DROGUES: Pas de sortie en vue

Le rapport annuel de l’Observatoire européen des drogues et des toxicomanies (OEDT) démontre l’impact de la mondialisation sur ce marché, mais ne propose rien de nouveau.

Mauvaise nouvelle pour les brigades des stup: les prix de la drogue sont en pleine baisse. Pour l’héroï ne afghane, le rapport de l’OEDT préconise même que l’offre sera bientôt supérieure à la demande, vu le surplus de production de ce pays en proie à la guerre civile. Ce qui, craignent les rapporteurs, remettra l’héroïne à la mode pour les plus jeunes, alors qu’elle était considérée comme démodée.
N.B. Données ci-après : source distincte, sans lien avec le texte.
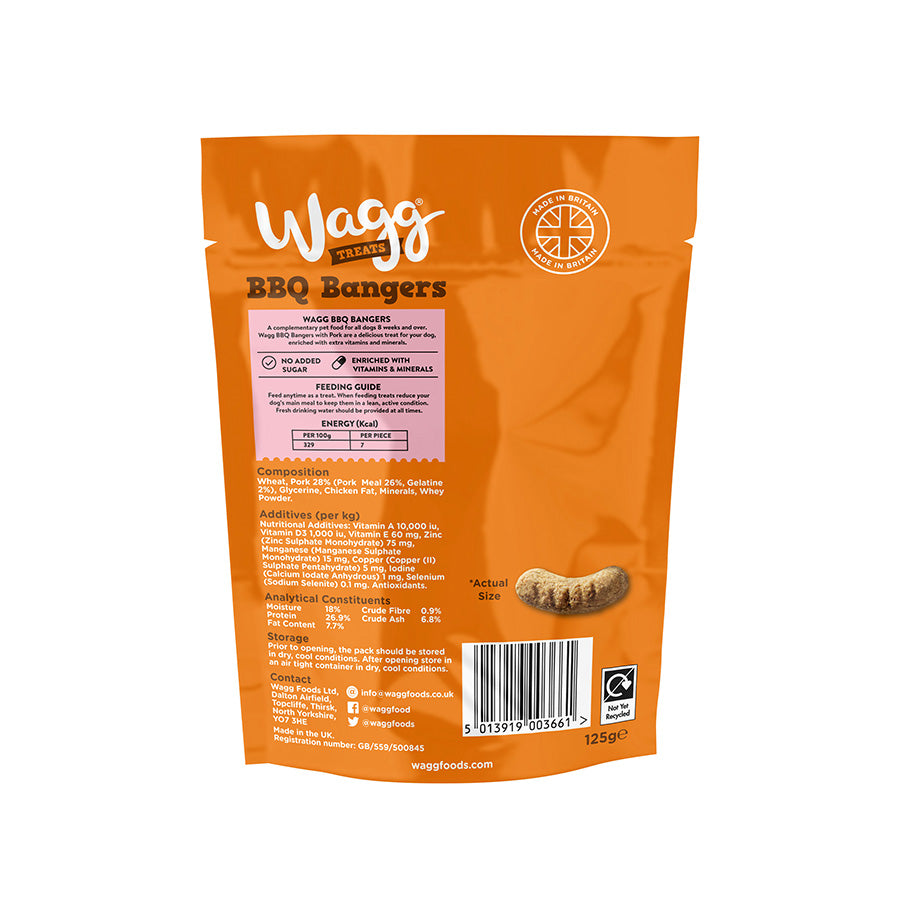 A complementary pet food for all dogs 8 weeks and over. Wagg BBQ Bangers with Pork Sausage is a delicious treat for your dog, enriched with extra vitamins and minerals. Every treat is oven baked to lock in nutrition and flavour. That makes it a very special treat indeed for the dog you love.
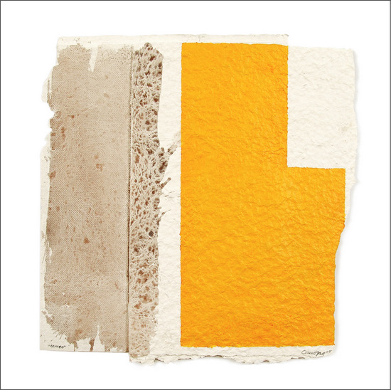 Construcción en papel hecho a mano y pintado al óleo encolado a tabla
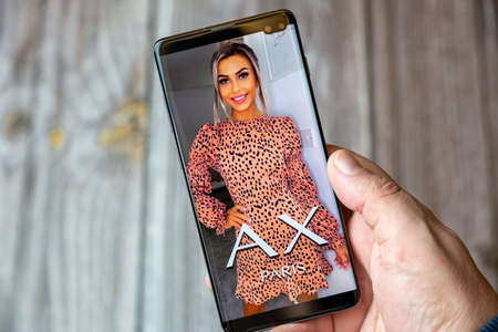 02-10-2021 Portsmouth, hampshire, UK A mobile phone or cell phone being held by a hand with the AX Paris app open on screen
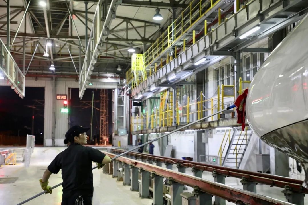 動車組經過洗車機時,調度室內調度員精準聯控司機,機房有專業(yè)的設備操作人員負責監(jiān)控,確保洗車機正常運轉,外皮清洗到位。在動車檢修庫內,質檢員全方位卡控人工清洗環(huán)節(jié),檢查清潔是否到位。
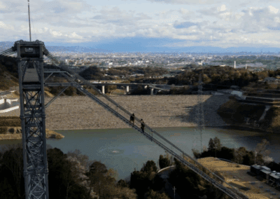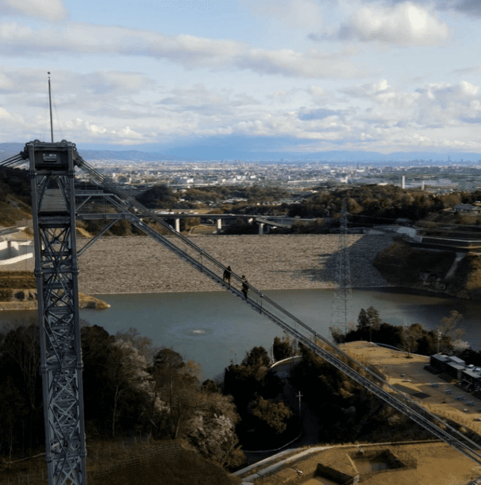 雄大な景色を眺めながら、安威川ダムに架かる全長420メートルのつり橋を歩いて渡ろう!
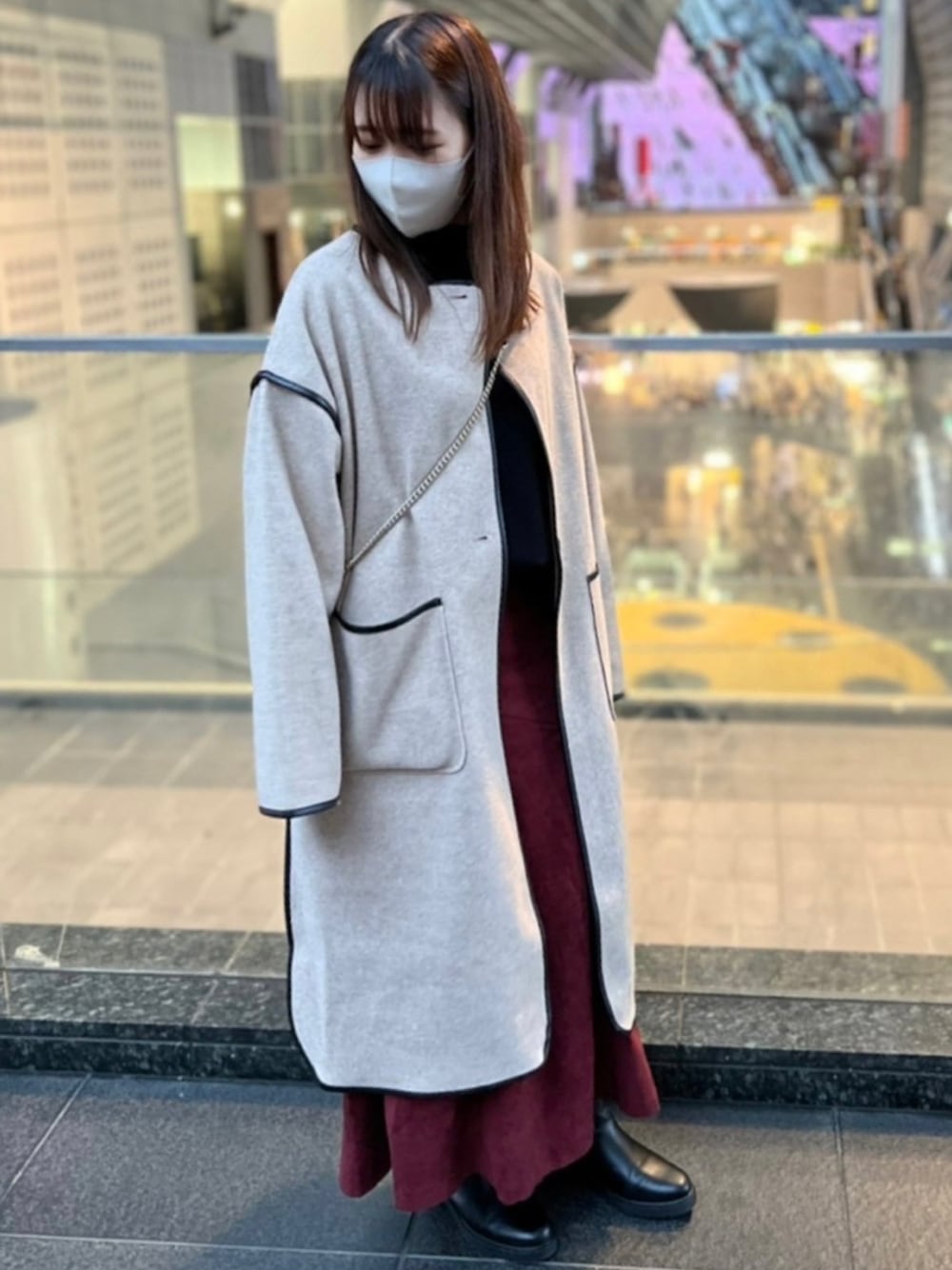 骨格ストレートちゃんのノーカラーコート「【マルチウェイ】サテンライナー付きパイピングガウンコート / キルティングコート/ノーカラーコート」を使ったコーディネート
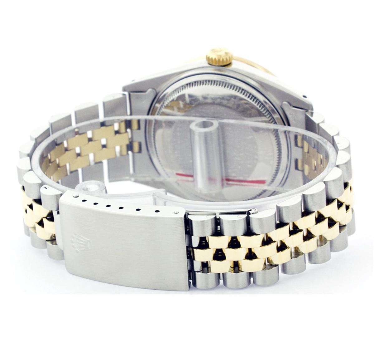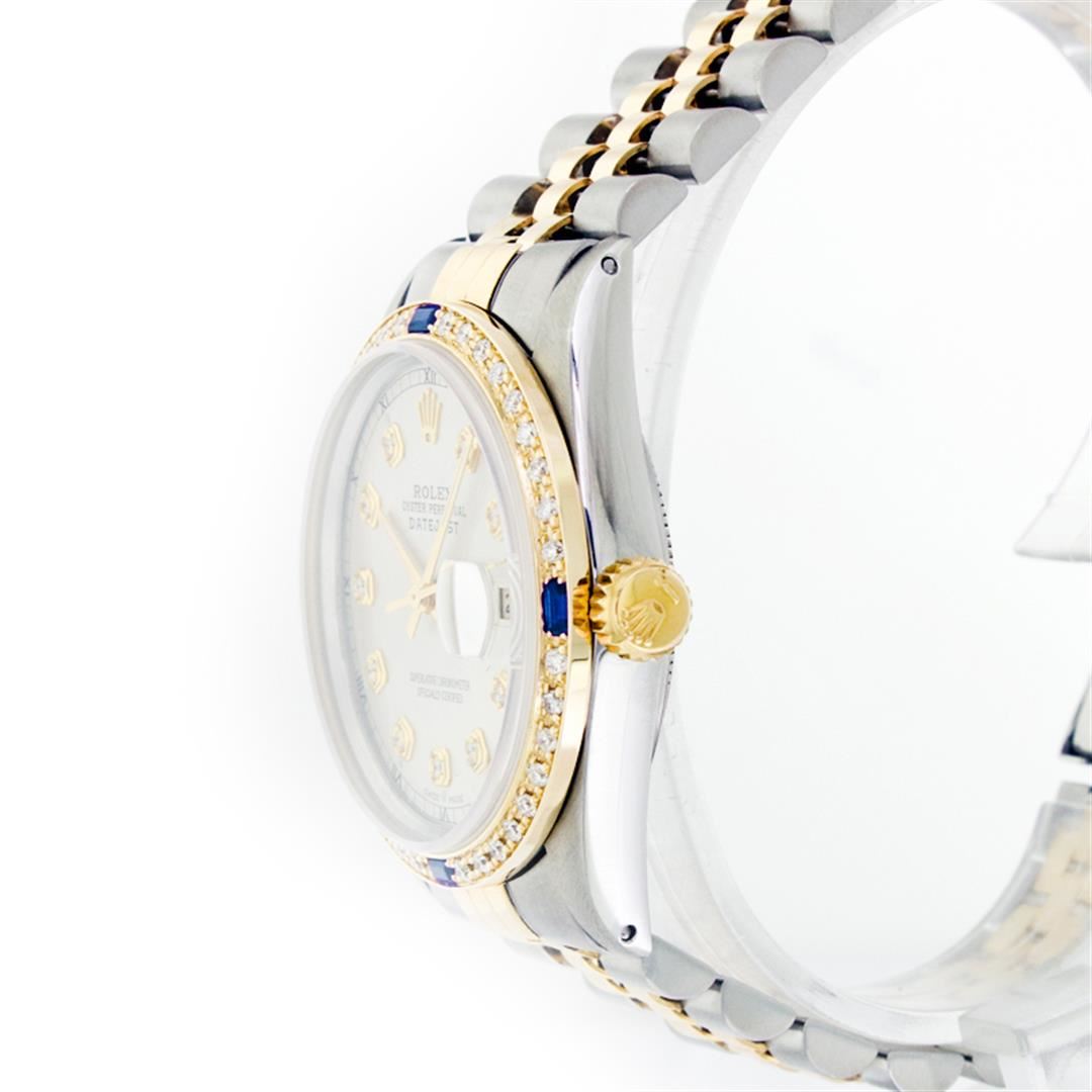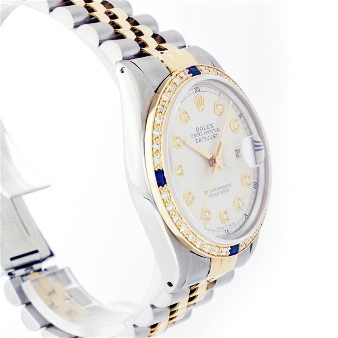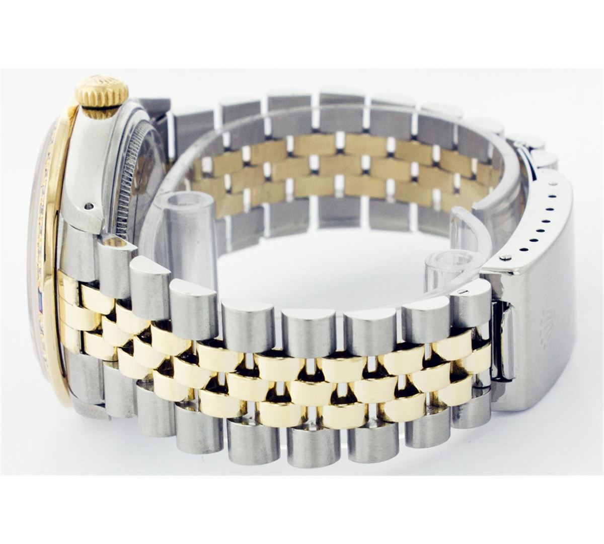One Gents Two Tone Rolex Datejust Polished, Fully Serviced & Electronically Tested, 14K Yellow Gold & Stainless Steel Case:36mm, 14K Yellow Gold Crown, Custom Bezel: 18K Yellow Gold Sapphire Beadset Diamond Bezel, Diamond Count: 36 Diamonds + 4 Sapphires, Total Weight 1.0 Carat, Clarity: Si-VS, Color: G to H. Custom Crystal: Synthetic Sapphire Cyclops Lens. Movement: Automatic Winding Movement Caliber 3035. Custom Dial: Silver Diamond Dial With Square Track and Luminescent Dots. Diamond Count: 10 Diamonds In Dial, Color: G to H, Clarity: SI-VS. Date Window: 3 O'Clock Position Date Display, Quickset, Model: Datejust Condition: G-6 Extra Fine. Bracelet: Two Tone 14K Yellow Gold & Stainless Steel Jubilee. Bright Polish. 6.5 Inch Length, Adjustable. Standard Clasp, With Rolex Logo.
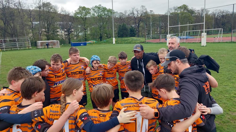 Do druhé půle jsme nasadili naše naděje, bratry Hanákovi z U12 a hra se hodně oživila. Kluci se nebojí skládat a umí i skvěle kopat. Dost jsme se po poločase zlepšili v obraně a konečně jsme začali hrát naši hru. Ke konci jsme dostávali soupeře pod tlak, který vyústil i několika žlutými kartami. Bohužel naše zvýšená aktivita přišla příliš pozdě, korigovali jsme už jen jednou pětkou s konverzí. Konečný výsledek 38:12 nás moc nepotěšil.
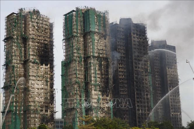 Hiện trường vụ cháy chung cư ở Tai Po, Hong Kong (Trung Quốc). Ảnh: THX/TTXVN
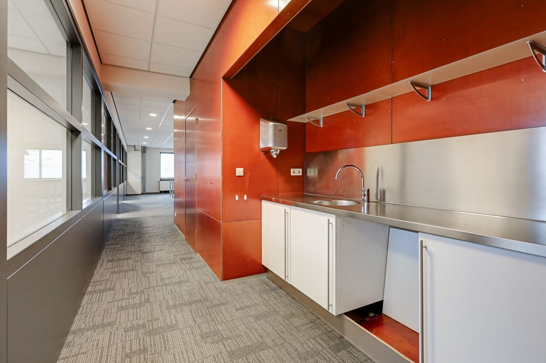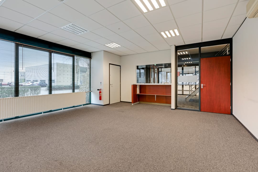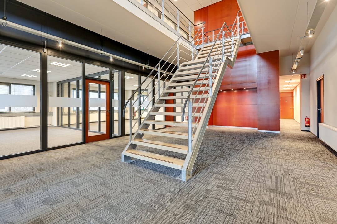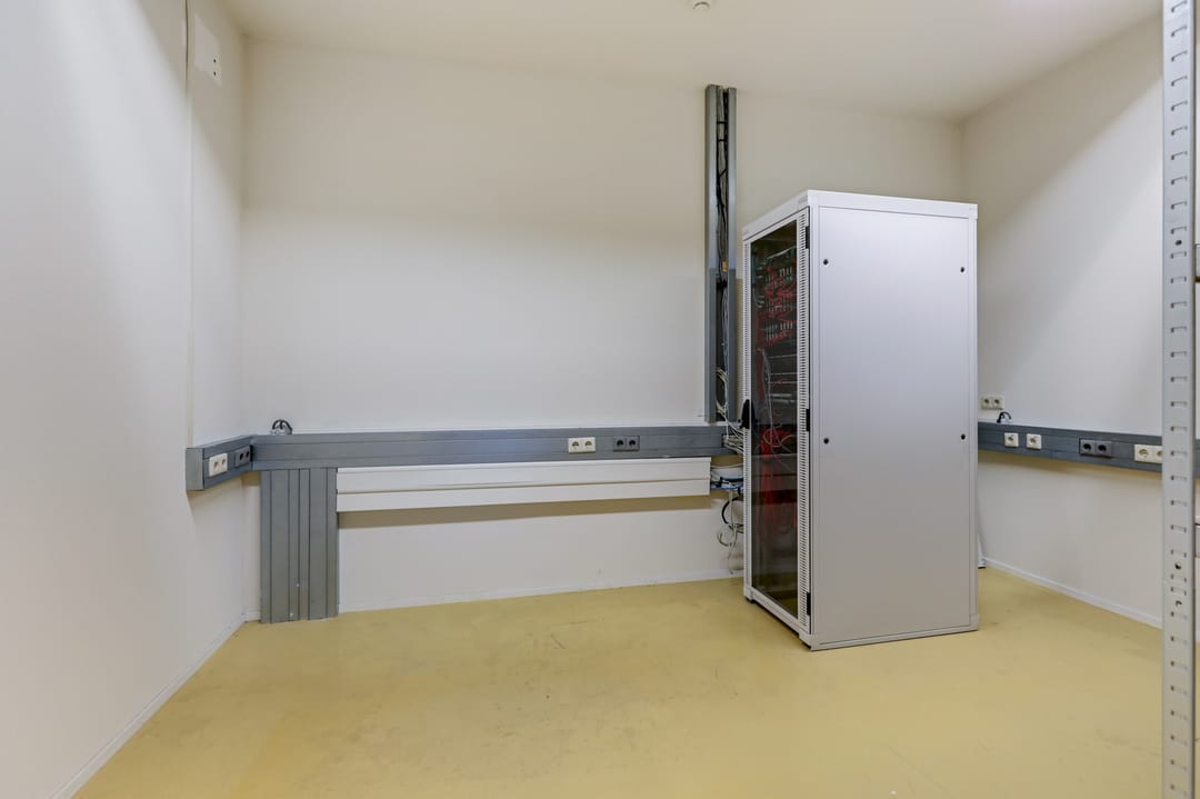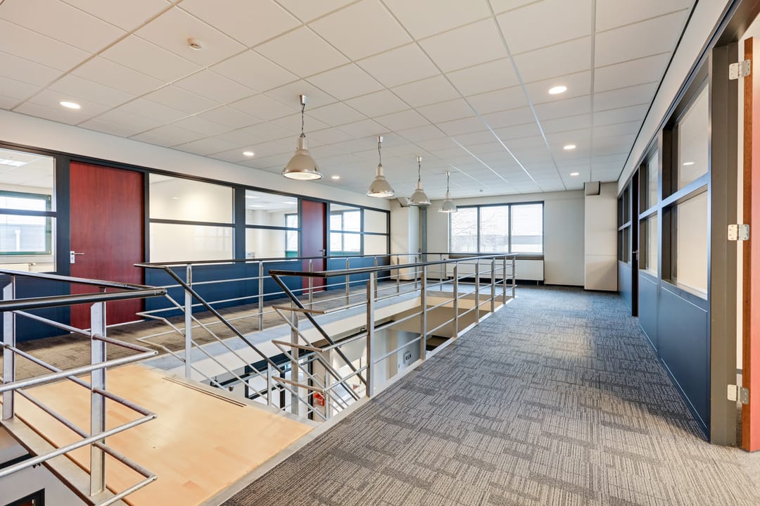 De eerste verdieping beschikt over een fraaie omloop met vide, wat zorgt voor een open en hoogwaardige uitstraling. Hier bevinden zich onder andere zeven vrijwel vierkante kantoor-/werkkamers (ca. 35 tot 40 m²), een open werkruimte, een dubbele gescheiden toiletgroep, een pantry en diverse functionele ruimten, zoals een magazijn, CV-ruimte en een grote gekoelde serverruimte.
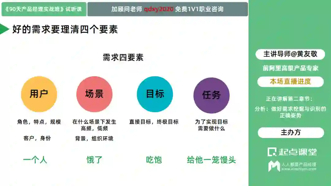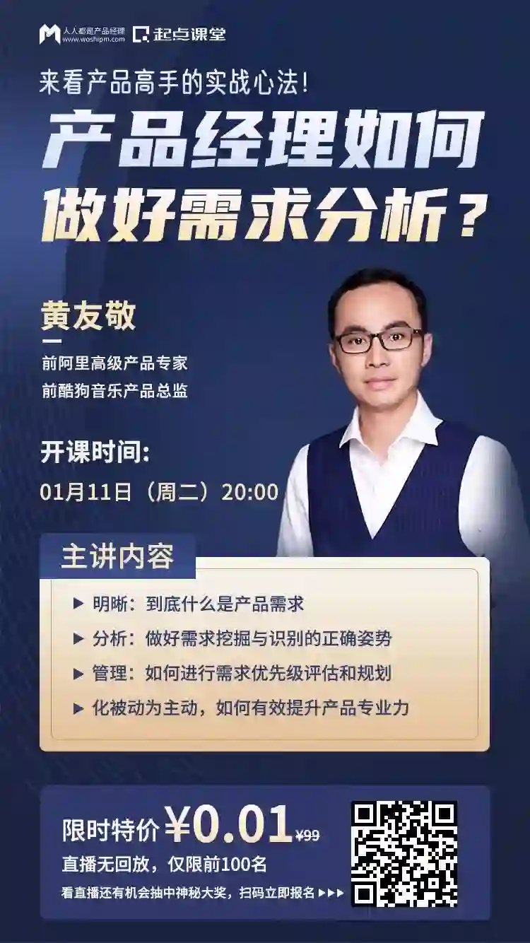 别慌,我特地为你准备了直播福利课,针对产品新人解决在需求分析中存在的信息获取难、功能拆解难以及数据分析难等具体问题,帮助你避开需求分析中的误区,做有价值的需求分析!

Mais la hausse importante des saisies, qui ne se rabat pas pour l’instant, sur les taux de consommation constatés, laisse présager un retour en force de l’héroïne.

La poudre blanche est elle aussi toujours en train de monter en flèche. Principalement importée d’Amérique du sud, la cocaïne doit sa popularité surtout à cette baisse des prix qui l’a rendue accessible à des couches sociales qui n’auraient jamais pu y accéder il y encore une dizaine d’années. Et l’Europe commence à s’y faire: de plus en plus de demandes de traitement pour toxicomanie sont dues à la cocaï ne. Les mêmes tendances valent pour le cannabis, les amphétamines et l’ecstasy: tout comme les prix, l’âge des consommateurs est en chute.

Ces chiffres montrent clairement que les stratégies de répression à un niveau national ou européen ne résolvent en rien les problèmes liés à la drogue. Les saisies record par les polices européennes ces dernières années, qui sont en constante hausse, n’ont aucun impact sur les statistiques de consommation. Mis à part le nombre d’overdoses létales qui est en baisse – mais cela est plutôt à mettre sur le compte de meilleurs programmes de prise en charge des malades de la drogue – la politique anti-drogue européenne, est sans défense contre les tendances internationales. La tragédie de ce constat est que ces mêmes pays renforcent ces tendances en laissant les lois du marché régler le commerce. Car, comment expliquer à un fermier afghan que la production d’opium est mauvaise, quand elle est pour lui le seul moyen d’accéder à une vie meilleure? Un marché est un marché, même pour la drogue et toutes les lois du monde n’y changeront rien tant que le problème de la pauvreté n’est pas envisagé de façon sérieuse.

Un des rares points positifs de ce rapport est que la thématique des genres est enfin prise en compte dans le cadre d’un traitement plus correct des problèmes liés à la drogue. En effet, le rapport note une „sensibilisation accrue aux besoins des femmes toxicomanes“. Il en était grand temps. Car même si „seulement“ 20 pour cent des personnes en traitement sont des femmes, celles-ci sont souvent encore prises en charge par des services génériques. En plus, il est démontré que la volonté à ne pas chercher de l’aide est plus forte chez les femmes qui ont peur de manquer à leurs devoirs maternels. La question de structures d’accueil spécifiques pour femmes toxicomanes avec enfants pourrait être envisagée sérieusement.

Mais ce qui reste introuvable dans ce rapport, ce sont des chiffres concrets sur des programmes qui proposent des alternatives à la répression étatique de la drogue. Pas un mot sur les impacts de la légalisation de la résine de cannabis au Pays Bas, par exemple. Et aucune présentation d’alternative crédible au régime actuel. Seule idée dans la conclusion du rapport: „Améliorer la surveillance de l’usage problématique de drogue et de la polyconsommation de drogues“. Reste à espérer que cette surveillance accrue ne servira pas seulement à une répression accrue, mais aussi à une prise en compte plus honnête, plus réaliste et plus efficace des problèmes de drogue. Qui, en fin de compte, sont un problème de société.